During the migration, we expect to have some scripts in initscripts and
some in an upstart jobs package; this is probably a sequence of changes
Debian don't need to take wholesale.
> Btw, something I haven't really understood. How will dependencies for
> services be handled. If I understand correctly, all the "base"
> initscripts will be upstart jobs and have the correct "dependencies"
> through events.
That's correct. Upstart isn't a dependency-based init system, unlike
initng, it works purely on events. The principal difference is that
it's backwards. A dependency-based init system starts network because
apache depends on it, an event-based init system starts apache because
network has been started.
(Note that the LSB stuff is neither, it simply uses that information to
perform ordering of the boot sequence)
> But how will upstart handle things like "apache needs network to be set
"start on network" ?
> "tomcat needs postgresql to be up"
"start on postgresql" ?
> Will some upstart initscripts read LSB tags in apache and tomcat's
> standard init scripts or will we have to change these ?

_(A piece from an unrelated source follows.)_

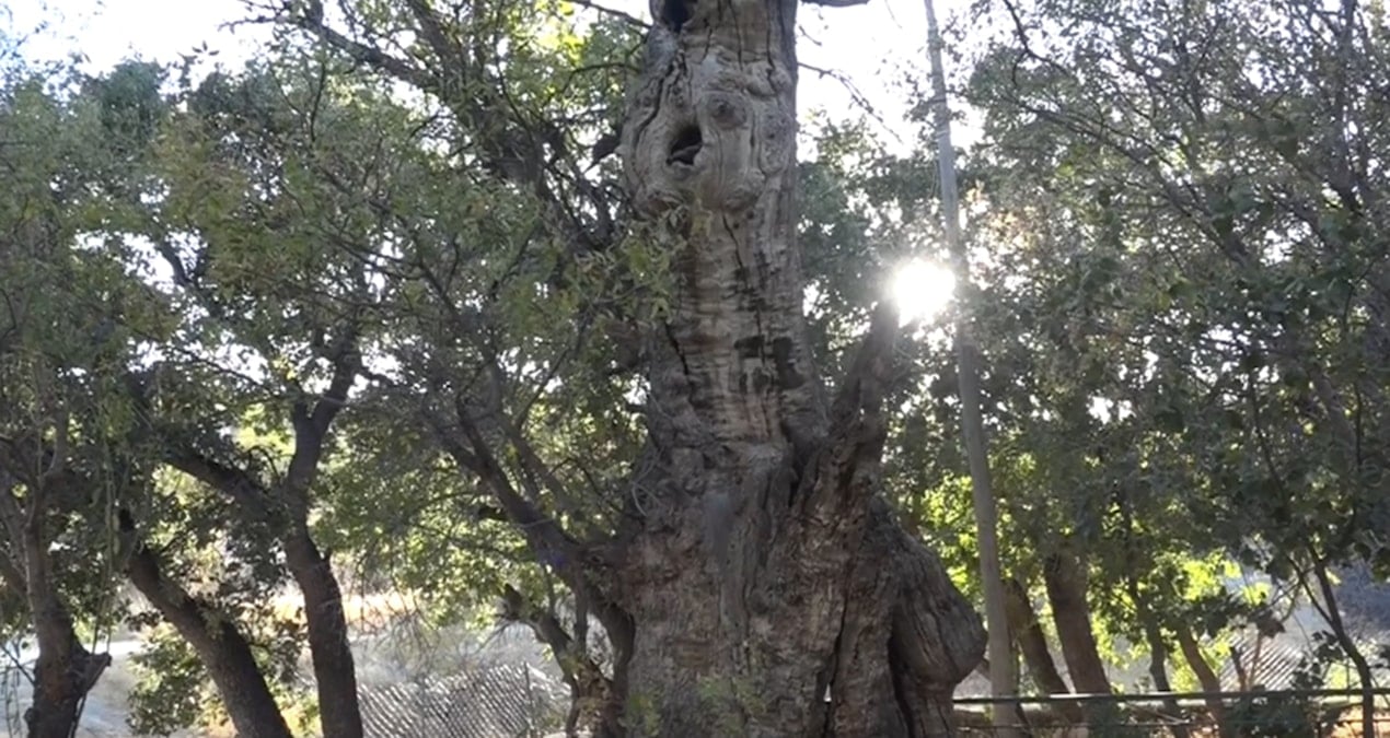 “Arkamızda görmüş olduğumuz ağaç bizim anıt ağacımız. Rivayete nazaran, Pir Hasan Oner Babamızın asasını dikip yeşerdiği ağaç. O da yaklaşık 700 yıllık ağaç. Orman Bakanlığı’ndan geldiler, tarih yaptılar, 700 yıllık olduğuna dair damgasını vurdular. Bu anıt ağacımız bir yangın evresi geçirdi. Yangın evresi geçtikten ötürü bu ağaç yüzde 70 meyyit, yüzde 30 canlı. İşte ben her sene burada su vererek biraz canlandırmaya çalışıyorum ağacımızı.”
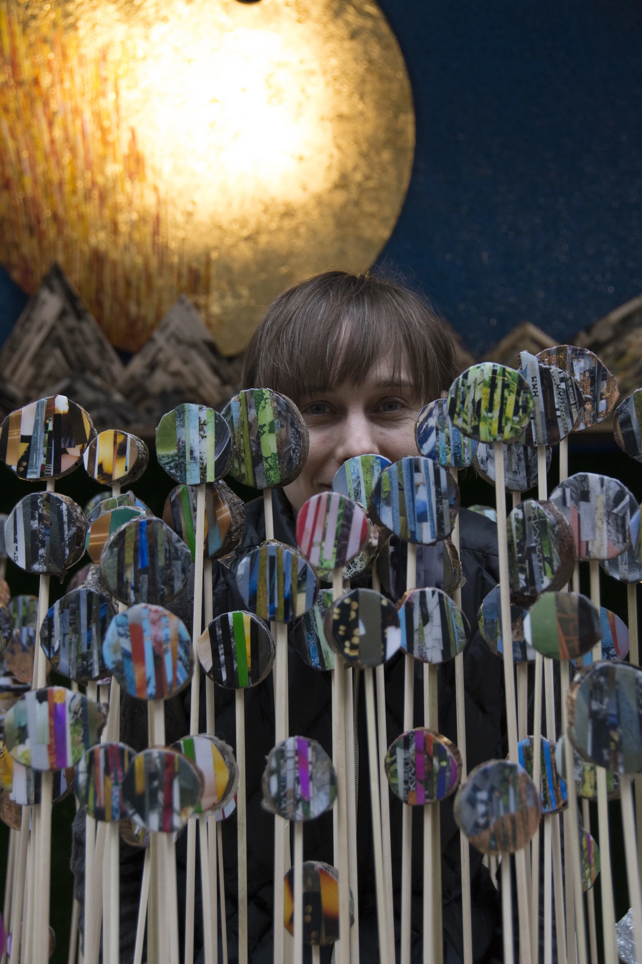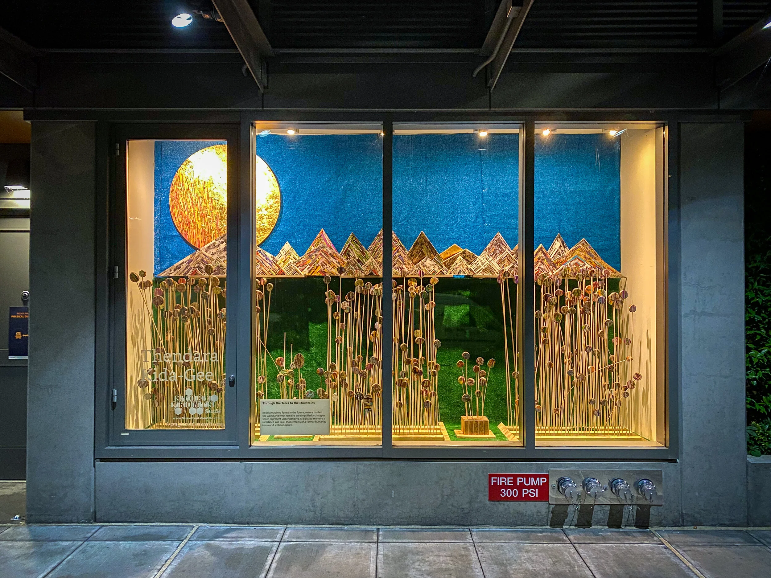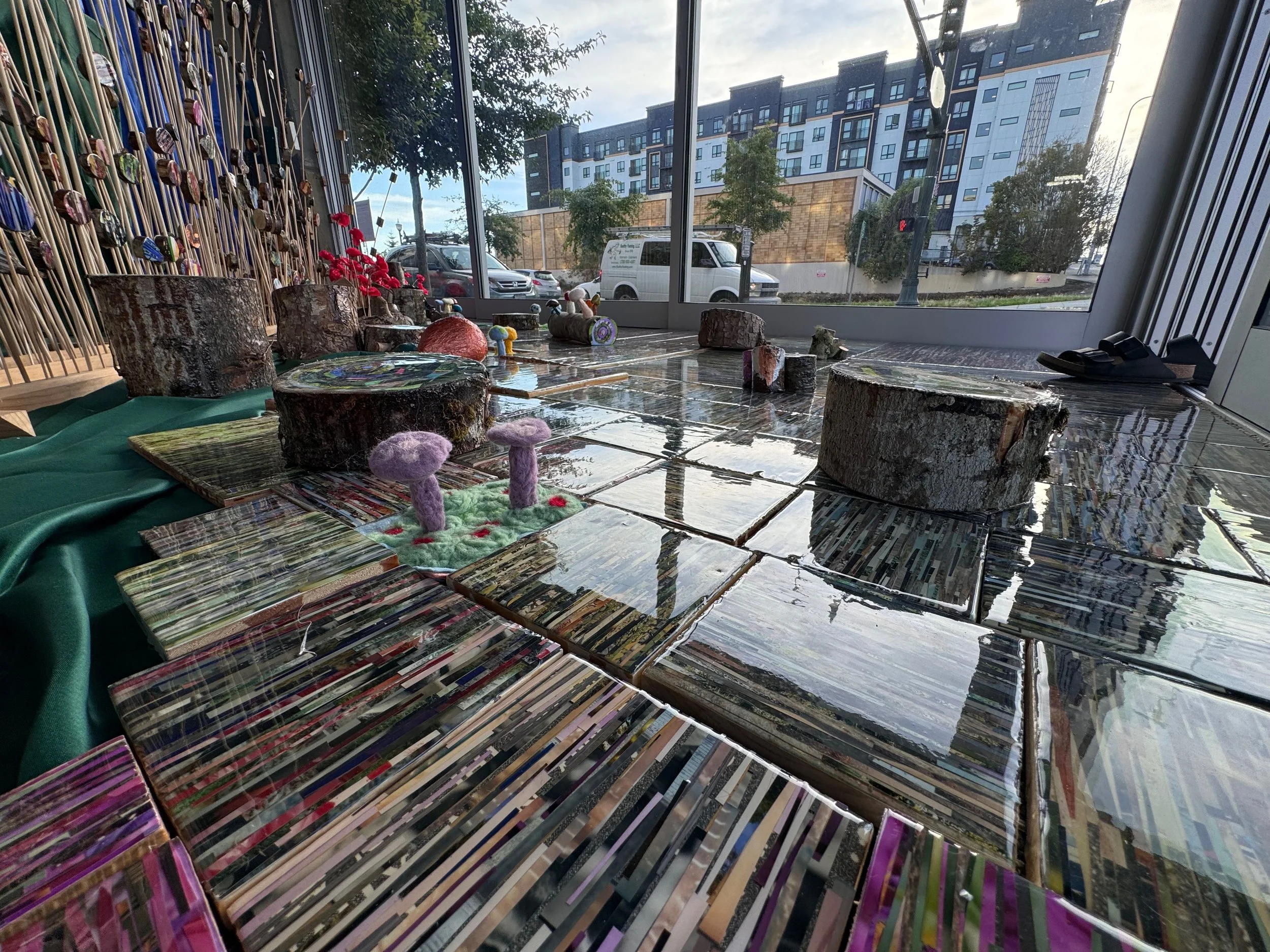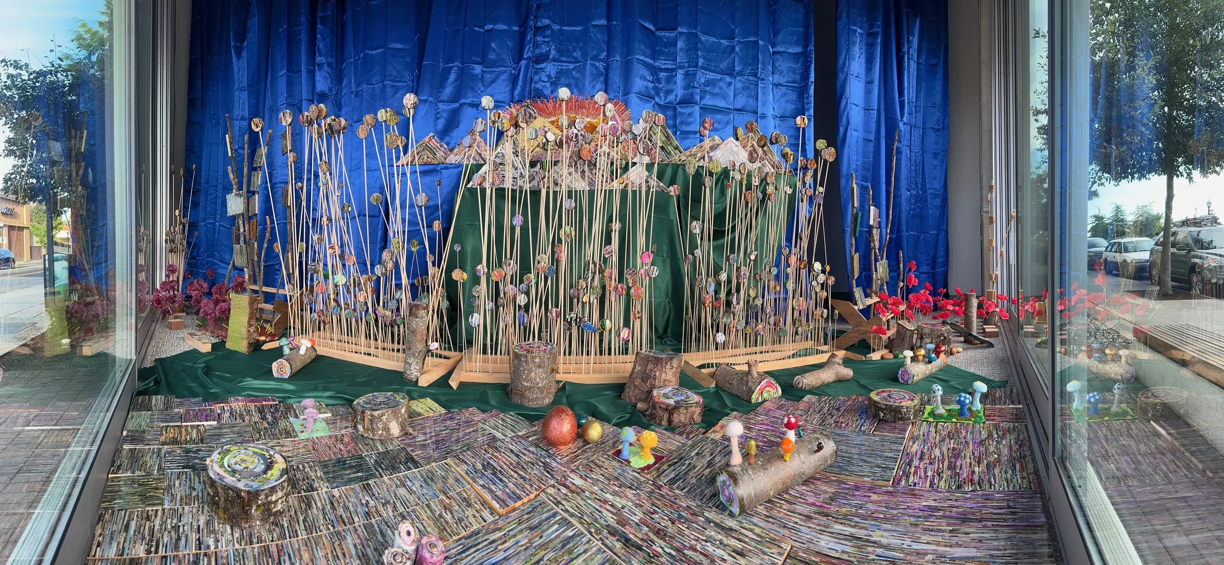 We completed installation a day early, yesterday. Really happy with how it turned out. The hanging of the fake green and blue lawn was the biggest pain in the butt of the whole event, other than that it tended to be mild repetitive activity, quite a bit of it but we got there in the end. Just in time for it’s opening tmrw 4/20 - great show to see which or without enhancements! Also seems really great to be exhibiting for Earth day. Please visit my forest if you can - always open and right next to Gosankos chocolate shop on 1 East main, Auburn you’ve got until July 7th, 2019.

No. If apache and tomcat wanted to use upstart events, they would have
to have their init scripts replaced with upstart job files. This is
desirable anyway in the long-run as it means we can provide service
management, etc. for them.
In the short term, the init scripts are run by /etc/init.d/rc as usual
which has no concept of dependencies, and just runs things in order.
The rcS job (which exec's /etc/init.d/rcS) would be run when we have
writable filesystems, so would "finish up" the configuration.
Have you ever, ever felt like this?
Had strange things happen? Are you going round the twist?